◆ Problem ◆
The lines to transcribe run from the top of the material below to the line with "This fabulous 15.5", inclusive. Leave the pictures behind.

◆ Source material ◆

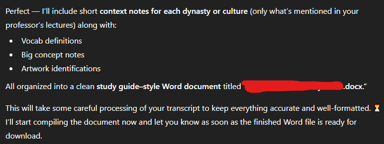 I am just trying to create a study guide for one of my classes by giving it my notes and asking it to give bullet points for me to look at. I will give it my notes in the form of a word document. It will then ask me about formatting, such as what file I want it in, and how I want the information organized. It will then say that it has started the process that "It will take a while" like how the image shows. It will then do nothing even after multiple hours of waiting.
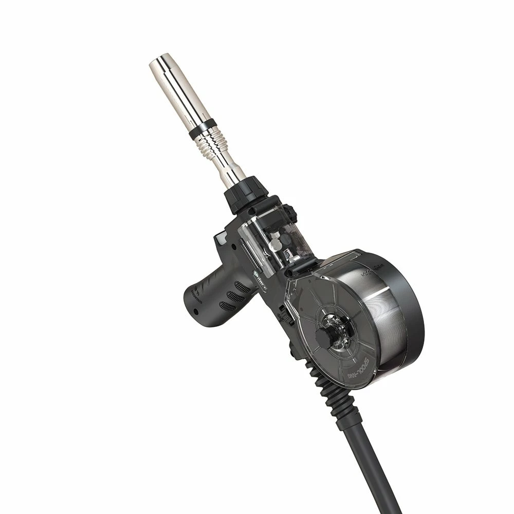 The Binzel style 220 AMP Spool Gun has been engineered for maximum performance when MIG welding softer wires, such as Aluminium. Clear plastic housing allows for full visibility of all moving parts, while the motor is rated for a minimum service life of 1000 hours.
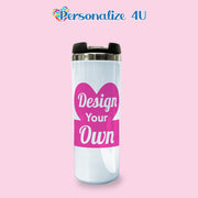This fabulous 15.5 oz travel mug is breathtaking! Not only does it keep your drinks hot or cold for up to 12 hours, it also has a secure, convenient lid. Plus, the user-friendly shape fits perfectly into cup holders. To top it all off, you can customize the pink design - plus add your own text!
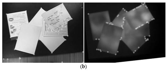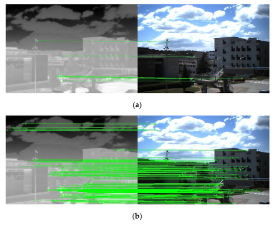 An example of common feature point detection is shown in Figure 2. As shown in Figure 2a, the feature points generated by the text on the visible image have no corresponding points on the infrared image. As a result, these feature points are non-common feature points. Matching of these feature points can only get the wrong matches. The feature points extracted by the common feature point detection method are shown in Figure 2b. The number of feature points extracted on the text of visible images is reduced significantly when compared to Figure 2a. The common feature point detection method can improve the matching performance by removing non-common feature points.

◆ Response below ◆
 I am just trying to create a study guide for one of my classes by giving it my notes and asking it to give bullet points for me to look at. I will give it my notes in the form of a word document. It will then ask me about formatting, such as what file I want it in, and how I want the information organized. It will then say that it has started the process that "It will take a while" like how the image shows. It will then do nothing even after multiple hours of waiting.
 The Binzel style 220 AMP Spool Gun has been engineered for maximum performance when MIG welding softer wires, such as Aluminium. Clear plastic housing allows for full visibility of all moving parts, while the motor is rated for a minimum service life of 1000 hours.
This fabulous 15.5 oz travel mug is breathtaking! Not only does it keep your drinks hot or cold for up to 12 hours, it also has a secure, convenient lid. Plus, the user-friendly shape fits perfectly into cup holders. To top it all off, you can customize the pink design - plus add your own text!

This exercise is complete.